The German chemicals and petrochemicals industries grew strongly in H110, but BMI’s latest Germany Petrochemicals Report expects that by Q410, year-on-year (y-o-y) growth will be zero owing to high base effects and slowing demand growth.
The recovery in German chemicals and petrochemicals industries is stronger than BMI had envisaged in the previous quarter, with the German chemical industry VCI reporting production growth of 13% y-o-y in H110 with capacity utilisation of 83% in H110, which is approaching the typical 84-86% rate and well above the 77.9% reported at the end of 2009. Nearly all plants were back in operation and BMI believes that the industry as a whole is operating at a comfortable profit margin with producers better able to pass on rising raw material costs to their customers. Sales were buoyant in H110 with the value of the domestic chemicals market up 16%, to EUR77.7bn, and exports up 18% to EUR45.9bn. Domestic sales of German chemical companies improved 13%, to EUR31.8bn, according to VCI. However, a higher base and the impact of fiscal austerity measures in Germany and across the EU will lead to lower rates of growth in H210.
Domestic petrochemicals end markets are showing significant improvements. Notably, the construction industry in Germany, which represents a major European consumer of PVC, has shown excellent recovery from its precipitous decline at the start of 2009. A decrease of 4.5% in y-o-y growth over 2009 now represents an anomaly in otherwise sustained growth rather than a trend towards collapse. Growth is expected in the sector up until the end of the forecast period in 2014. This is driven by high profile projects along with EU regulations that are resulting in increased sales and movement in the power infrastructure sector.

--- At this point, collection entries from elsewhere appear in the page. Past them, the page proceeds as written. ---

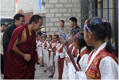 2012年7月,班禅在拉萨彩泉福利特殊学校慰问孤残儿童。
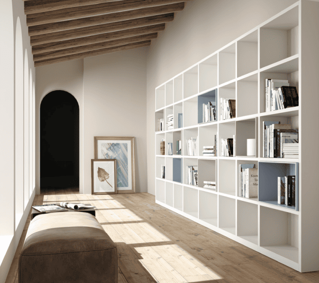 Librería modular compuesta por 4 módulos de 500 mm y 4 módulos de 400 mm intercalados sin trasera.
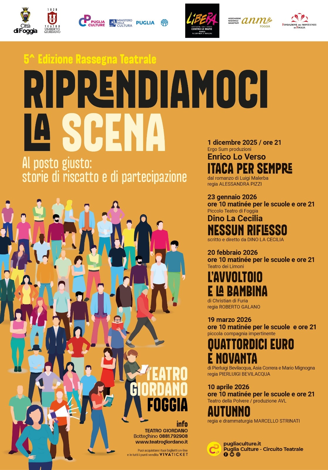 Inserita nella stagione teatrale 2025/2026, torna al Teatro Umberto Giordano di Foggia la quinta edizione della rassegna “Riprendiamoci la scena”, in programma dall’1 dicembre 2025 al 10 aprile 2026.
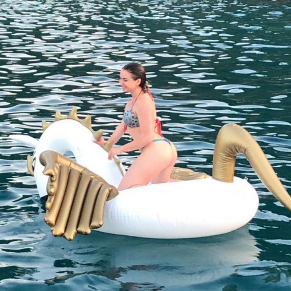 “Un poquitillo de diversión, agua y festejos …. 🍾 🎄🎉La verdad es que 5 min. después pobre Pegaso se desinfló 😂 demasiado peso para el …”, se lee al pie de las imágenes que recolectaron miles de ‘me gusta’.
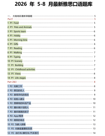 最新!2026年5-8月雅思口语题库完整版,含高分参考答案(附PDF可打印)
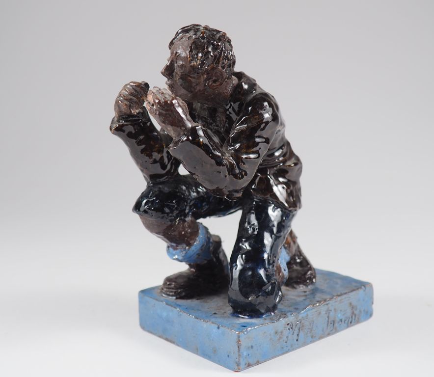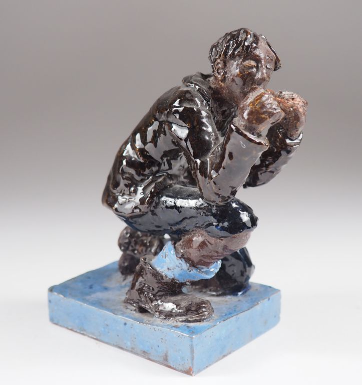 Henri Paul REY et Marcel de Jaegher. "jeune homme agenouillé" Sculpture en céramique émaillée polychrome Signée H. 13 cm
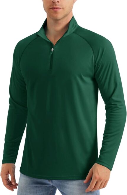MAGCOMSEN Men’s Long Sleeve Sun Shirts UPF 50+ Tees 1/4 Zip Up Fishing Running Rash Guard T-Shirts Outdoor Shirt
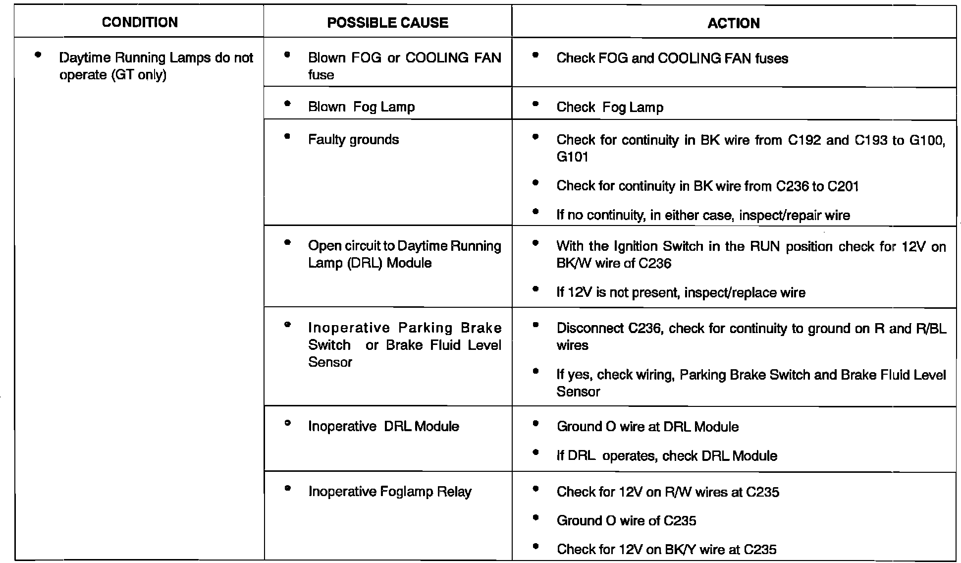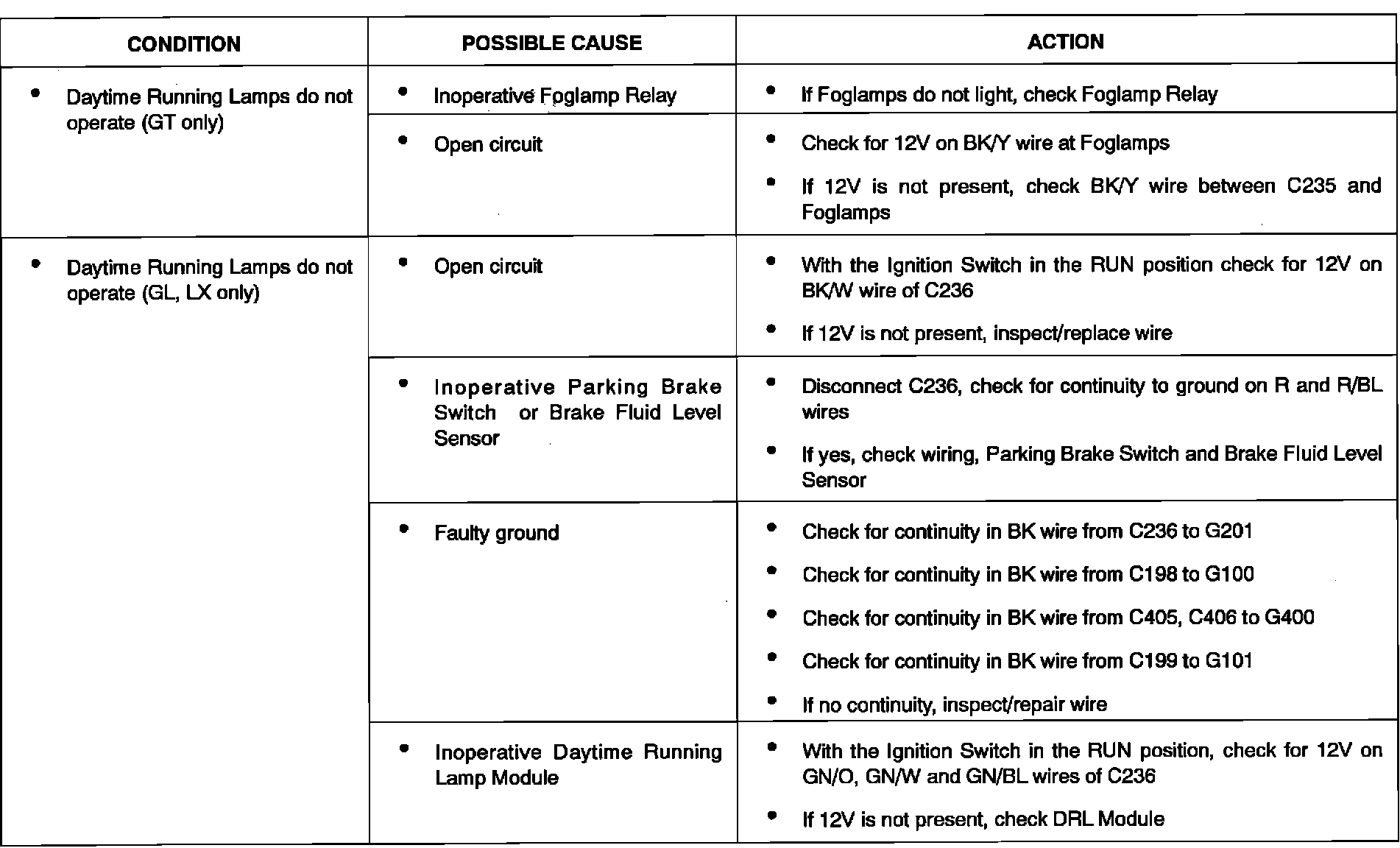 Daytime Running Lamp Control Unit: Testing and Inspection

Meanwhile, the vehicle scrappage scheme in Germany in 2009 had benefitted both domestic and foreign carmakers, with their respectively sales increasing 16% y-o-y and 40% y-o-y. Despite the growth seen in H110, BMI believes that weak consumer demand in the EU will be the main deterrent for the recovery of Germany's auto exports (and hence production) in 2010 and for the rest of the forecast period. Moreover, given that the delivery of vehicles under the scrappage schemes in Western European markets would have ended by the end of H110, we are concerned that this export growth may not be sustained, thereby putting pressure on domestic demand for engineering plastics, particularly PP.
Although we have raised our chemicals output growth forecast from 4.5% to 7.0% and sales growth from 5.0% to 7.0%, we believe that growth will diminish to zero by Q410, with buyers keeping inventories low due to risk aversion. The 2010 GDP growth forecast of 2.0% will almost entirely be driven by external consumption, inventory re-stocking and statistical base effects. We expect German growth to dip back to 1.5% in 2011, before recovering to a trend average of 1.6%. The chemicals industry will follow the broad economic trend.
Germany scores 81.9 points and is placed first in BMI’s Western European Petrochemicals Rankings, 8.2 points ahead of France. BMI believes that Germany’s score is unlikely to change, with no capacity additions planned over the next five years. However, with little new capacity coming onstream elsewhere in Western Europe over the period, it should retain its lead in the region.